# Duck/Goose saugage snack sticks



## Papa Greco

folpak said:


> I was just wondering if there was anybody with a recipe for duck/goose sausage snack sticks? I was thinking of using a recipe similar to a vension recipe. O, and im hoping to make jalapeno/cheese sticks. :corkysm55 Any help would be great


I run a wild game dinner every year and last year we had a bunch of great sportsman donate a LOT of waterfowl.

I made summer sausage out of goose breast and smoked kielbasa out of diver ducks. I used my seasoning mixes for both. There were absolutely NO leftovers! If we are lucky enough to get a lot of waterfowl this year, maybe I'll use my jalapeno/cheese mix! It does sound tasty.
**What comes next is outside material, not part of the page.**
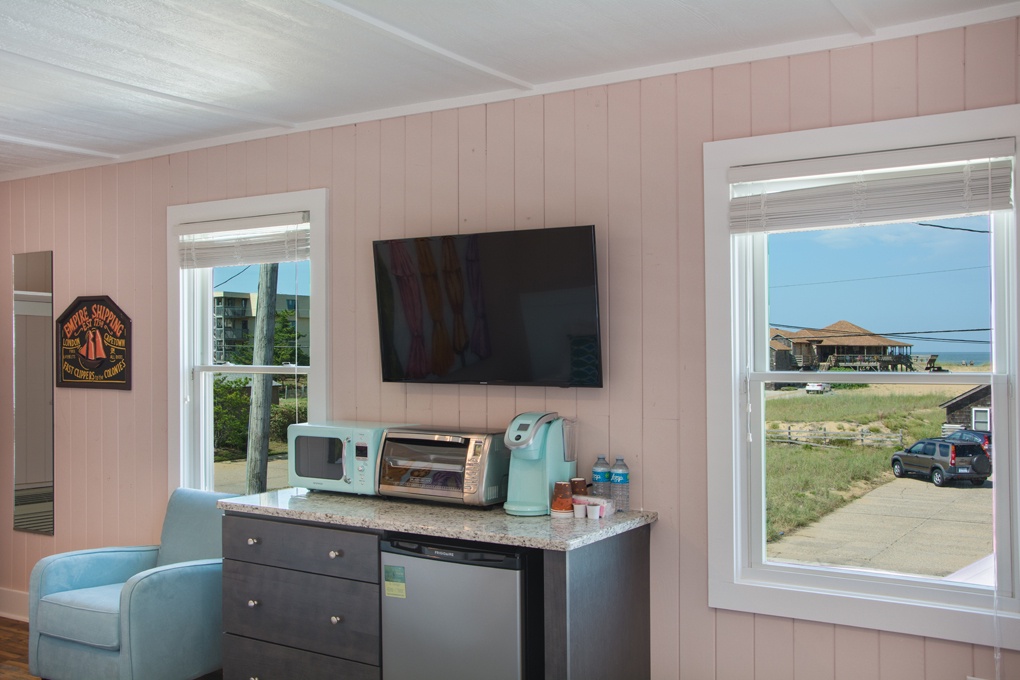 Featuring views of the ocean and pool, this second floor room offers two queen sized beds, mini-fridge, microwave, coffee maker, convection toaster oven.

With the mallards we made duck breast Marsala, and the extra goose breast I made a Thai curry, and also chili.

Everything was great.

Mike (Papa) Greco
www.papagrecos.com


----------



## maddiedog

Put it all in a cooler after the season and drive to norms in richville.

Sent from my XT907 using Ohub Campfire mobile app


----------



## biernl

To me, a good sausage recipe is like a good hunting spot, hard to give up on a public forum. This is 10 pounds of cracked black pepper, garlic, high temp cheddar cheese, goose cut with a little pork shoulder stuffed in natural hog casings and smoke over charcoal with hickory and apple wood. Nothing better IMO, really good stuff!


----------